= Alexander (son of Polyperchon) =

4th-century BC Macedonian general

Alexander (Αλέξανδρος; killed 314 BC) was a son of Polyperchon, the regent of Macedonia, and an important general in the Wars of the Diadochi.

==Alexander in Athens==
Antipater, on his death in 319 BC, had left the regency to Polyperchon, to the exclusion and consequent discontent of his own son, Cassander. Those who had been placed in authority by Antipater in the garrisoned towns of Greece, were favourably disposed to Cassander, as their patron's son, and Polyperchon's policy, therefore, was to reverse the measures of Antipater, and restore democracy where Antipater had abolished it. To implement this plan Polyperchon's son, Alexander, was sent to Athens during 318, with the aim of delivering the city from Nicanor, who had been appointed by Cassander to command the garrison placed on Munychia (a hill in the port city of Piraeus, Athens' harbour) by Antipater.

Before Alexander's arrival, Nicanor strengthening his position on Munychia with fresh troops and had also treacherously seized Piraeus. Alexander had the same intentions, intentions which he had probably formed before he had any communication with Phocion, though Diodorus seems to imply the contrary. The Athenians, however, looked on Phocion as the author of the design, and their suspicions and anger were further excited by the private conferences between Alexander and Nicanor. As a result, Phocion was accused of treason, and, fleeing with several of his friends to Alexander, was despatched by Alexander to Polyperchon.

Cassander arrived in Athens soon after and occupied Piraeus. There he was besieged by Polyperchon with a large force. However, Polyperchon's forces lacked adequate supplies, so he was obliged to withdraw a portion of his army. Polyperchon used this army to attempt the reduction of Megalopolis, while Alexander was left in command of the remaining forces in Athens. However, it appears he achieved little, until the treaty and capitulation of Athens to Cassander.

==Alexander in the Peloponnese==
When Polyperchon, baffled at Megalopolis, withdrew into Macedonia, his son seems to have been left with an army in the Peloponnese, where, according to Diodorus the field was left open to him. The friends of oligarchy were greatly alarmed by the departure of Cassander to Macedonia following the murder of Philip Arrhidaeus and Eurydice by Olympias during 317 BC. During Cassander's absence, Alexander captured several cities and important places in the Peloponnese.
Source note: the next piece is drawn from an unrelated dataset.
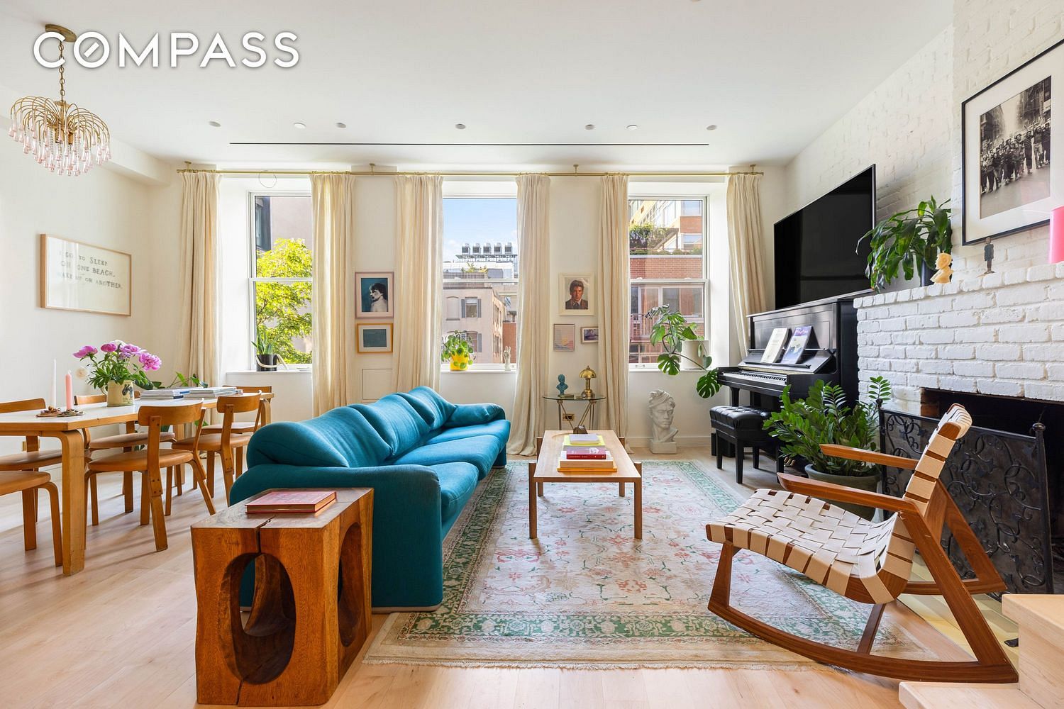 Welcome to the most stylish little duplex in the West Village, complete with your own private rooftop terrace! Lovingly transformed by IDSR Architecture into a delightfully digestible home a few years back, this 2-bedroom, 1.5-bath charmer offers primo living on the West Side. Step into this sun-drenched gem, and you'll be greeted by a staircase so dramatic it deserves its own spotlight. It leads you and your guests up to a lush, irrigated rooftop with Midtown views and a cheeky peek at the Hudson River. But hold your horses! That staircase also lets light flood into the living room, perfect for binge-watching or just chilling. The custom kitchen is a foodies paradise, packed with top-notch brands like Kallista, Wolf, and Fisher & Paykel. It's a masterclass in design, with the ideal mix of open shelves, closed cabinets, and stealthy under-counter appliancesa feast for the eyes. While youre flipping that omelette or mixing a mean cocktail, your pals can either crack up with you on a counter stool, wrap up a meal at the dining table (seats eight comfortably), or get ready for a heated game of Parcheesi by the wood-burning fireplace.

However, on Cassander's return to the south, after defeating Olympias in Macedonia, Alexander attempted in vain to check Cassander by fortifying the Isthmus of Corinth. Instead Cassander, crossed over to Epidaurus by sea, regained Argos and Hermione, and afterwards also the Messenian towns, with the exception of Ithome.
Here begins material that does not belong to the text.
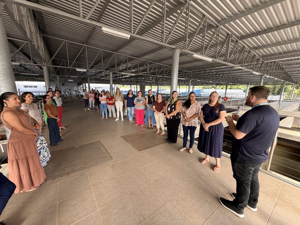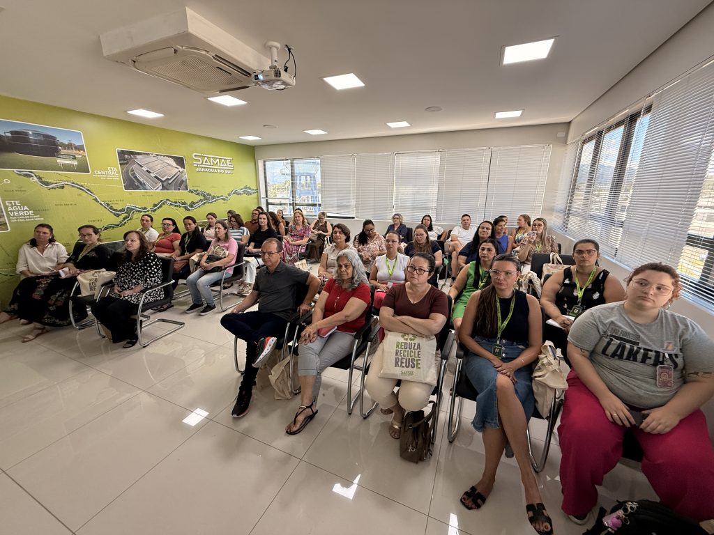 A capacitação teve início com uma visita ao Espaço de Memória do Samae e à Estação de Tratamento de Água (ETA) Central. Na sequência, foi realizada uma apresentação institucional e, em seguida, os professores participaram de uma revisão dos conteúdos trabalhados com os estudantes ao longo dos seis encontros realizados nas escolas.

==Alliances with Antigonus and then Cassander==
In 315 BC, Antigonus, whose growing power had led Cassander, Lysimachus, Asander, and Ptolemy to form a coalition against him, sent Aristodemus into the Peloponnese to secure an alliance with Polyperchon and his son Alexander. Alexander traveled to Asia to meet Antigonus in person, where an agreement was made at Tyre. Antigonus provided Alexander with 500 talents and promised significant support. However, later that same year, Alexander broke with Antigonus and aligned himself with Cassander, who offered him the title of strategos (military governor) of the Peloponnese.

Although Cassander had previously been at war with Polyperchon, the appointment of Alexander was part of a formal agreement that placed all of Cassander's Peloponnesian holdings under Alexander's command, including cities previously held by Cassander's garrisons. This allowed Alexander to exercise authority across nearly the entire peninsula. Polyperchon, now advanced in age, had likely stepped aside due to his unwillingness to subordinate himself to the much younger Cassander and had handed command to his son.

==Alexander's death==
In the ensuing year, 314 BC, Alexander besieged Cyllene on behalf of Cassander and took punitive action against Dyme, which had defected to Antigonus. In 313 BC, after winning the allegiance of the Aetolian League, Aristodemus of Miletus (Antigonus' general and top diplomat in mainland Greece) crossed over into the Peloponnese at the head of a mercenary army, and raised the siege. After liberating Patrae and Aegium from Cassander's garrisons, Aristodemus returned to Aetolia, leaving a sizeable force in the Pelopponese. Aristodemus' troops in Aegium helped the city of Dyme eject its garrison. Alexander decided to intervene, he marched on the city and forced his way in, made himself master of it, punishing the inhabitants who had imposed him with death, imprisonment, or exile. Soon after this he was murdered at Sicyon by Alexion, a Sicyonian, leaving the command of his forces to his wife Cratesipolis who proved herself fully adequate to the task.